Dans les affaires jointes C‑293/17 et C‑294/17, elle précise, entre autres réponses, que :

  • La directive « habitats » ne contenant pas de définition de la notion de « projet », la notion de « projet » au sens de la directive « EIE » est pertinente en vue de dégager celle issue de la directive « »habitats ». Celle de la directive « EIE » étant toutefois plus restrictive, il en résulte que les activités de pâturage de bétail et d’épandage d’effluents sur ou dans le sol à proximité de zones Natura 2000 peuvent être qualifiées de « projet » au sens de l’article 6  paragraphe 3 de la directive « habitats », même dans l’hypothèse où ces activités, en ce qu’elles ne représenteraient pas une intervention physique dans le milieu naturel, ne constitueraient pas un « projet », au sens de la directive « EIE ».
  • L’article 6, paragraphe 3, de la directive « habitats » ne s’oppose pas à une réglementation programmatique nationale dispensant certains projets qui n’atteignent pas un certain seuil ou qui ne dépassent pas un certain plafond en termes de dépôts d’azote, de la nécessité d’obtenir une autorisation individuelle, si la juridiction nationale a l’assurance que l’évaluation appropriée, effectuée en amont, satisfait au critère de l’absence de doute scientifique raisonnable quant à l’absence d’effets préjudiciables de ces plans ou projets pour l’intégrité des sites concernés.
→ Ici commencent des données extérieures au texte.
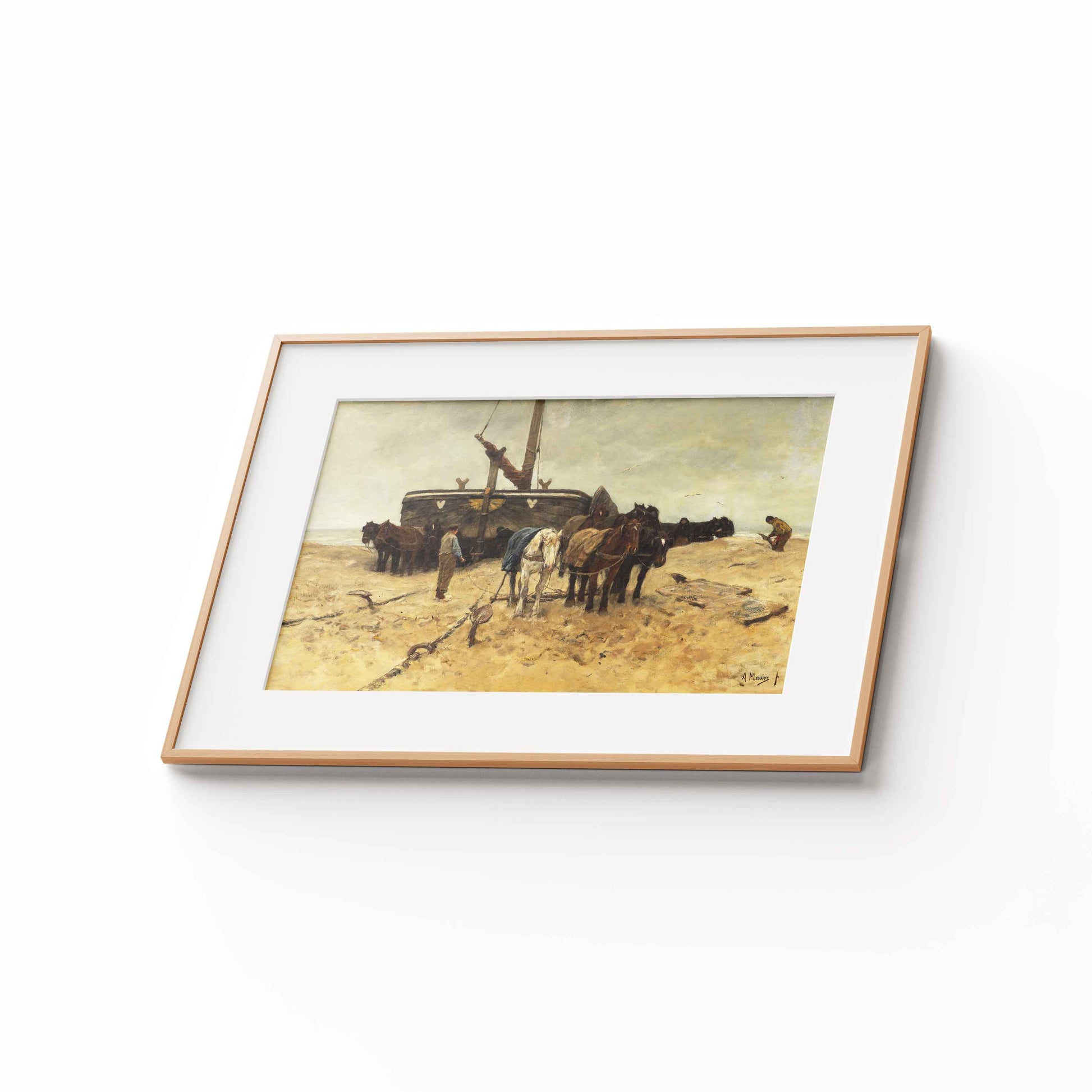 Experience the tranquil beauty of Anton Mauve's "Fishing boat on the beach, 1882." Indulge in the calming seaside scene, complete with a quaint fishing boat and serene beach. Let the stunning colors and masterful brushstrokes transport you to a peaceful paradise. Own a piece of art history today!

2          L’évaluation des incidences sur l’environnement

La directive 2011/92/UE « EIE » a été modifiée par la directive 2014/52/UE du 16 avril 2014. Les précisions ici apportées portent sur la rédaction de la version d’origine.

L’article 5 de la directive est relatif aux informations, détaillées à l’annexe IV, que le maître d’ouvrage d’un projet soumis à évaluation de ses incidences doit fournir (c’est-à-dire celles que doit contenir son étude d’impact selon la terminologie française).

La cour juge que :

  • Ces dispositions imposent au maître d’ouvrage de fournir des informations examinant explicitement les incidences notables de son projet sur toutes les espèces identifiées dans l’étude d’impact qu’il doit ainsi fournir.
  • L’obligation de fournir « une esquisse des principales solutions de substitution qui ont été examinées par le maître d’ouvrage et une indication des principales raisons de son choix, eu égard aux incidences sur l’environnement» implique que le maître d’ouvrage fournisse des informations relatives aux incidences environnementales tant de la solution retenue que de chacune des principales solutions de substitution examinées par celui-ci ainsi que les raisons de son choix, au regard, à tout le moins, de leurs incidences sur l’environnement, même en cas de rejet à un stade précoce d’une telle solution de substitution.